Teacher

Eylf outcome 3

Here are the sub-outcomes, evidence of when children can achieve them, and how educators can help children achieve EYLF Learning outcome 3: Children have a strong sense of well-being.

Children who are confident and optimistic will maximize their learning potential. It promotes children’s natural curiosity, sense of agency, and desire to connect with others. A person’s wellbeing includes physical health, happiness, satisfaction, and successful social functioning. It affects the way that children interact with their environment.

Learning Outcome 3: Children Have A Strong Sense Of Wellbeing

3.1 The children become more confident in their social and emotional well-being.

It is obvious when children:

  • Demonstrate trust and confidence.
  • Be available to others whenever you are in distress, confusion, or frustration.
  • Share humor, satisfaction, and happiness.
  • Celebrate their achievements as well as those of others.
  • Cooperation and collaboration with others are becoming more common.
  • Enjoy moments of solitude.
  • Recognize their achievements
  • Make choices, accept challenges, and take calculated risks.
  • Show an increasing ability to self-regulate, understand and manage emotions in a way that reflects the needs and feelings of others.
  • Please share your successes and create new learning opportunities in Standard Australian English or their native language.
  • Accept and acknowledge the affirmation
  • Assert their independence and capabilities while increasing awareness of other people’s needs and rights.
  • Recognize their contributions to projects and shared experiences.

Teachers can promote this learning through:

  • Show genuine affection, respect, and understanding for all children.
  • Document the achievements of children and share them with their families.
  • Ensure that children feel proud of their efforts and achievements.
  • Promote children’s sense of belonging, connection, and well-being.
  • Encourage and challenge children to persevere in their tasks and play.
  • Build on and expand children’s ideas.
  • Maintain high expectations for each child.
  • Value children’s decision-making.
  • Welcome children and families to share aspects of their spiritual and cultural lives.
  • Talk to children about their feelings and reactions to events to help them understand emotional regulation and self-control.
  • Recognize and affirm the children’s efforts and growth.
  • Mediate or assist children in negotiating their rights concerning others’ rights.

3.2 The children take greater responsibility for their health and well-being.

It is obvious when children:

  • Recognize and communicate your bodily needs.
  • You are connected, happy, healthy, and safe.
  • Engage in sensory-motor skills that are increasingly complex and patterns of movement.
  • Combine gross and fine motor movements and balance to achieve increasingly complicated patterns of activities, including dance, creative motion, and drama.
  • Explore and respond to the world using their sensory abilities and dispositions, with an increasing level of integration and skill.
  • Move confidently through and around their environment, demonstrating spatial awareness.
  • Use equipment and tools of management with increasing skill and competence.

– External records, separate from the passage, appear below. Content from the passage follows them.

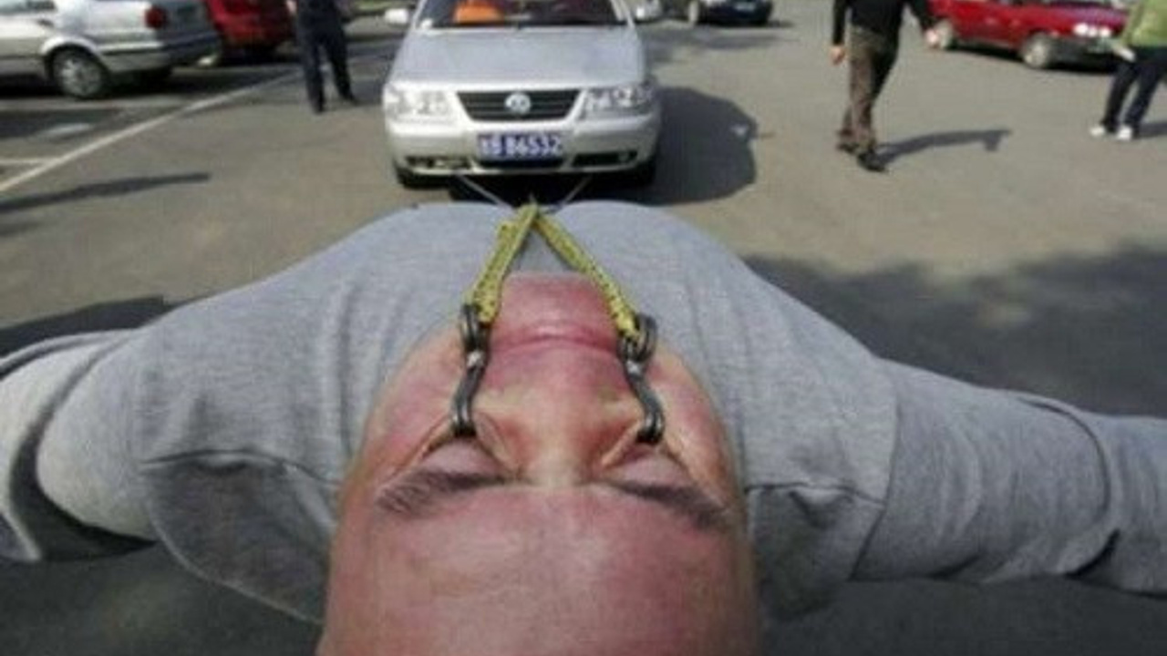 Sırt derisine takılan 2 çengel ile Hannibal Helmurto, 24 Ekim 2004'te Londra Croydon'da 4 tonluk bir kamyoneti 91.4 metre çekti
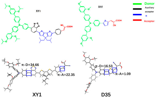 As shown in Figure 1, the two isolated dyes in acetonitrile solvent display special dihedral angles of 1.09° and 22.35° degree for D35 and XY1 between the thiophene and benzene and hydroxy acrylic acid. Compared with the XY1, D35 tends for the coplanar structure, and electrons are easily moved from donor to acceptor through the conjugated bridge, and further injected into TiO2. At the same time, D35 exhibits a well-conjugated degree in the middle region of molecular structure (i.e., dihedral angles are 16.53 for D35 and 34.66 for XY1, respectively). It is worth noting that the twisted angles among donor units for XY1 are larger than those of D35 that can reduce the dyes’ aggregation due to the repellent interaction.
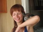 злаЯ Опубликовано 7 сентября, 2011 #49 Опубликовано 7 сентября, 2011 (изменено) Елена Толстун , спасибо, вы отличную идею подали, я буду искать ручки сначала у себя в городе, если не найду - буду смотреть варианты отдавать в Москве. А мы растем и хулиганим. Стал ручным, любит лазить по рукам-плечам-голове, перебирать волосы и пытаться с ними улететь. Любит, чтобы его кормили с рук или пинцета. Поставили ему "вольер" - коробку из под холодильника. В ней одну сторону вырезали и затянули москитной сеткой, а также три жердочки и две дверцы. На второй или третий день как только стемнеет стал туда залетать и засыпать на верхней жердочке. Мне остается только закрыть дверку. Красота. Правда недавно кошки ночью запрыгнули на коробку и очень его напугали, поэтому некоторое время "укладываю" его вручную. Целыми днями летает по лоджии и купается, купается, купается. Может и 4 раза в день занырнуть в купалку. Любимое место для сушки пера - конечно же моя голова. Скачала в интернете пение певчих птиц и ставлю ему по утрам. Он неплохо им подражает, трелей еще не выводит, но очень приятно поет, подражая дрозду и соловью. Остальные его как-то не впечатляют. Любит сидеть на руке, обследовать лицо и слушать как с ним разговариваю. Сам непрерывно в это время чирикает, тихо и нежно. Балдежный После истории с кошками днем, во время купания, выпало два пера, по окрасу похоже что из крыльев. Кончики не обломаны, видно, что не выдраны и не сломаны. А еще с хвостовых перьев сходят трубочки - растем Только не нравится, что два пера в середине хвоста достаточно потрепаны, в клетке не сидит, только если об коробку да жердочки? Мои кошки его гипнотизируют через окно и пытаются лапами ловить, а он на них нападает через то же окно. Однажды собака зашла к птице - он сел на голову псине, та жутко перепугалась. Нашла зоофобус, похоже у единственного человека, который его разводит. Дороговато, поэтому пробую сама разводить.В целом кормление состоит из мешанки, кузнечиков, зоофобуса, мучного червя (ест плохо), и фруктов-ягод: малина, клубника, виноград, смородина, груша, очень редко яблоко. Кузнечиков даю живых (самых мелких) - столько радости поймать и слопать, или брюшки замороженных. Мешанку ест сам, в основном с утра.Судорожно ищу возможность привезти Падован. Вот думаю, брать только GrandPatee Insectes или можно взять GrandPatee Fruits корм для насекомоядных и плодоядных птиц? Немного фотографийРаз-два, три-четыреПосле купанияПортрет В целом очень интересная в содержании птица. Контактный, коммуникабельный, внимательный, вдумчивый, бесстрашный, любопытный Изменено 7 сентября, 2011 пользователем злаЯ

Respond to music, dance, and stories in traditional and contemporary styles.
  • Show an increased awareness of healthy living and good nutrition.
  • Show increasing competence and independence regarding personal hygiene, care, and safety and security for others.
  • Show enthusiasm when participating in physical activity and negotiate the play space to ensure their and others’ safety.

Teachers can promote this learning through:

  • Plan and engage in physical activities with your children, including games, dance, drama, and movement.
  • Include familiar games and activities you know and love in your play by drawing on family members’ and friends’ expertise and experience.
  • Provide various materials and tools to help children develop their gross and fine motor skills.
  • Encourage children to learn about good hygiene.
  • Share routines and schedules among children, their families, and the community to promote continuity in children’s health and hygiene.
  • Discuss health and safety with your children, and include them in developing guidelines to keep everyone safe.
  • Engage children in conversations, activities, and experiences encouraging healthy eating and lifestyles.
  • Consider the pace of the day in the context of your community.
  • Children can learn from your example and reinforce the importance of health, nutrition, and personal hygiene.
  • Provide a variety of relaxing and active experiences to children throughout the day. Please support them in making appropriate choices about their participation.